Karakter Mubazir Pengunjung di Kebun Apel Batu Malang

Oya, saya ada satu uneg-uneg yang belum saya ungkapkan tentang jalan ke kebun apel Batu Malang. Yaitu tentang karakter pengunjung yang datang ke kebun tersebut yang menurut saya sangat tidak baik, yaitu karakter mubazir dan tidak mau rugi. Saya sungguh menyesali karakter ini. Saya melihat dari apel-apel yang berserakan di tanah dan terlihat oleh mata saya.
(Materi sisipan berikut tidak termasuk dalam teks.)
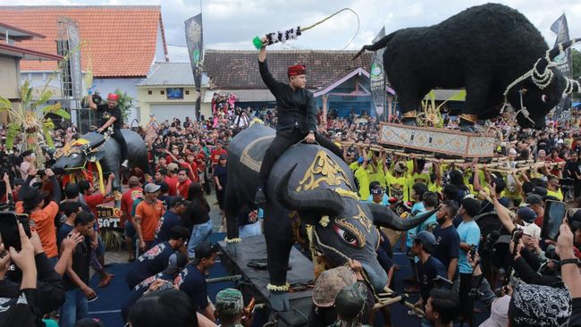 Seekor kerbau raksasa dipanggul ribuan warga didampingi dua ekor kerbau berukuran lebih kecil yang ditunggangi 2 orang lelaki berpakaian serba hitam. Kedua lelaki itu membawa cemeti di tangan masing-masing.

Ketika di kebun pel Malang, saya melihat banyak apel yang bekas dimakan oleh pengunjung yang berserakan di tanah. Banyak apel yang digigit tersebut menyisakan setengah bagian apel yang belum digigit. Artinya, mungkin sebagian pengunjung baru memakan dua atau tiga gigitan, apel tersebut langsung dibuang. Dan kemudian memetik lagi apel yang baru yang ada di pohon, tanpa pernah berpikir betapa mubazirnya tindakan yang mereka lakukan.
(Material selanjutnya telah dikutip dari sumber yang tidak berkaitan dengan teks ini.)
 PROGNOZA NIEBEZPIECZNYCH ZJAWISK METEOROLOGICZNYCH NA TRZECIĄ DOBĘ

Entahlah ya. Saya hanya kasian dengan petani apelnya melihat sebagian apel bekas gigitan yang berserakan tersebut. Mubazir banget kan. Belum lagi kalau kita memetik satu apel dari tangkai yang berisi beberapa apel, apel-apel yang serenjengan itu akan rontok berjatuhan dan berserakan di tanah. Jadi untuk memetik satu apel kita harus hati-hari supaya apel yang lainnya tidak ikut rontok.

Kalau apel yang utuh yang rontok dan berjatuhan tersebut masih bisa dikumpulkan dan jual oleh petaninya ngga masalah. Tapi kalau terinjak-injak? Pastinya akan jadi sampah saja kan. Mungkin pengunjung hanya berpikiran mereka kan sudah bayar buat masuk ke dalam kebun tersebut dan dibolehkan makan sepuasnya, jadi mereka makan sepuasnya meski setiap memakan sebuah apel tidak mereka habiskan.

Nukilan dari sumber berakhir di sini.